Saved entries:
□ □ □ □ □

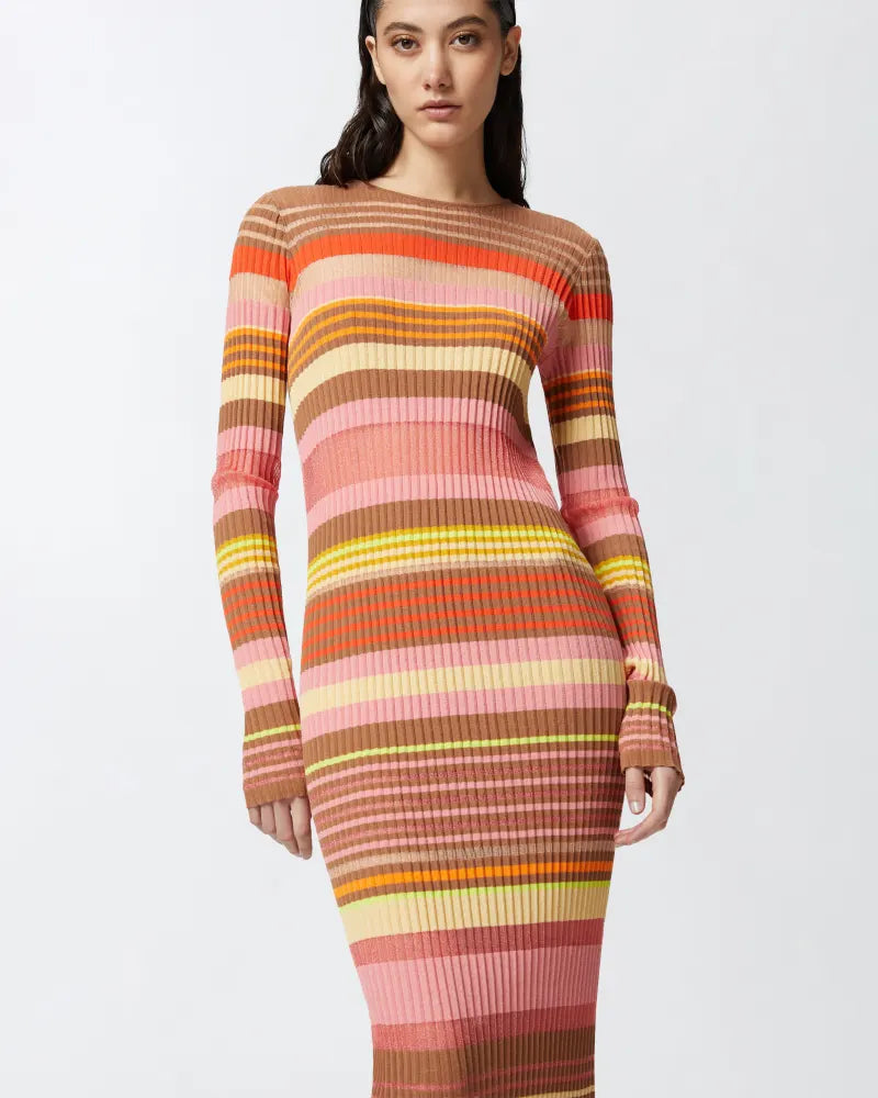 Vestido largo ajustado en punto de algodón, lino y tejido técnico, con ribete vertical y estampado de rayas horizontales multicolor. Perfecto gracias a su original sencillez, este vestido presenta cuello redondo y mangas largas, y se puede personalizar fácilmente con un cinturón para realzar la figura y experimentar con diferentes estilos. Cómodo, práctico y femenino, este vestido largo a rayas se puede llevar con zapatos de tacón sin cordones para un toque extra de feminidad.
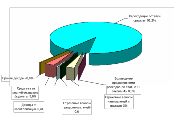 Структура доходов Фонда в 2005 году показана на рис. 1. Хорошо видно, что основная часть доходов складывается из страховых взносов (более 90%). Существенная часть доходов (4,4%) получена от капитализации временно свободных остатков средств путем вложения их в депозиты банков и покупки государственных казначейских обязательств. Остальные составляющие доходной части не имеют заметного значения.
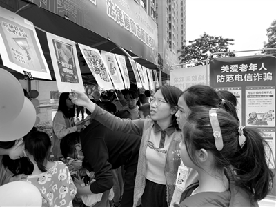 4月9日,大学生志愿者为群众提供反诈宣传服务。本报记者 林石湛 摄
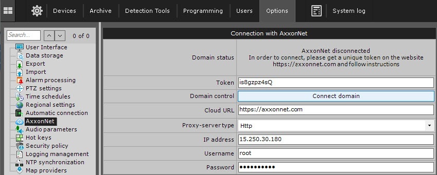 If the connection is successful, the status in Axxon One changes to AxxonNet connected. To disconnect the domain from AxxonNet, click the Disconnect domain button.
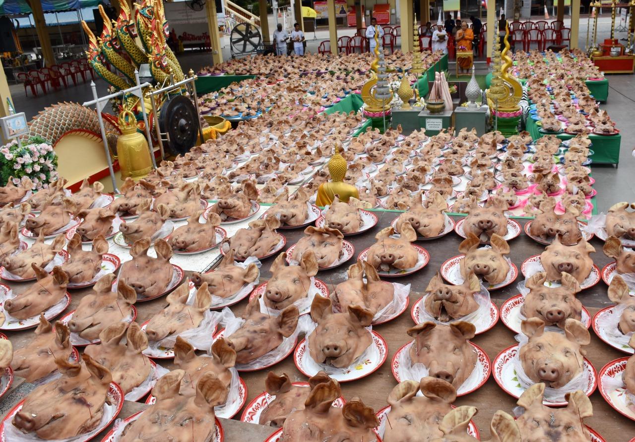 ด้านพระครูศรีสุตากร เจ้าอาวาส หลังเสร็จสิ้นพิธี น.ส.ธีรนันท์ เจ้าของถวายหัวหมู ไม่ขอนำหัวหมูกลับโดยแจ้งความประสงค์หลังเสร็จสิ้นพิธีแล้วให้ทางวัดแจกจ่ายให้กับชาวบ้านที่อยู่ในตำบลบางพระ ให้ได้ทานกัน โดยพระครูศรีสุตากร ได้ประกาศเสียงตามสายให้ชาวบ้านที่อยู่ในตำบลบางพระ ให้มารับหัวหมูได้ทุกบ้าน โดยจัดให้บ้านละ 1 หัว ตามความประสงค์ของเจ้าภาพที่บนไว้ มีประชาชนในพื้นที่และสาธุชนที่มากราบไหว้ต่างเข้าแถวรับยาวนับกิโลฯ.
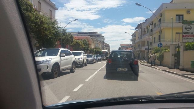 Lunghe code in tutta la zona di Portanuova a Pescara: in via Bardet in corso i lavori di asfaltatura che chiudono tutta la strada e si intasano le vie alternative

□ □ □ □ □

### ACTIVITY
Please give an exact copy of the lines from the line containing "If the connection" through the end of the records above, pictures excluded.

### TASK RESULT
 If the connection is successful, the status in Axxon One changes to AxxonNet connected. To disconnect the domain from AxxonNet, click the Disconnect domain button.
 ด้านพระครูศรีสุตากร เจ้าอาวาส หลังเสร็จสิ้นพิธี น.ส.ธีรนันท์ เจ้าของถวายหัวหมู ไม่ขอนำหัวหมูกลับโดยแจ้งความประสงค์หลังเสร็จสิ้นพิธีแล้วให้ทางวัดแจกจ่ายให้กับชาวบ้านที่อยู่ในตำบลบางพระ ให้ได้ทานกัน โดยพระครูศรีสุตากร ได้ประกาศเสียงตามสายให้ชาวบ้านที่อยู่ในตำบลบางพระ ให้มารับหัวหมูได้ทุกบ้าน โดยจัดให้บ้านละ 1 หัว ตามความประสงค์ของเจ้าภาพที่บนไว้ มีประชาชนในพื้นที่และสาธุชนที่มากราบไหว้ต่างเข้าแถวรับยาวนับกิโลฯ.
 Lunghe code in tutta la zona di Portanuova a Pescara: in via Bardet in corso i lavori di asfaltatura che chiudono tutta la strada e si intasano le vie alternative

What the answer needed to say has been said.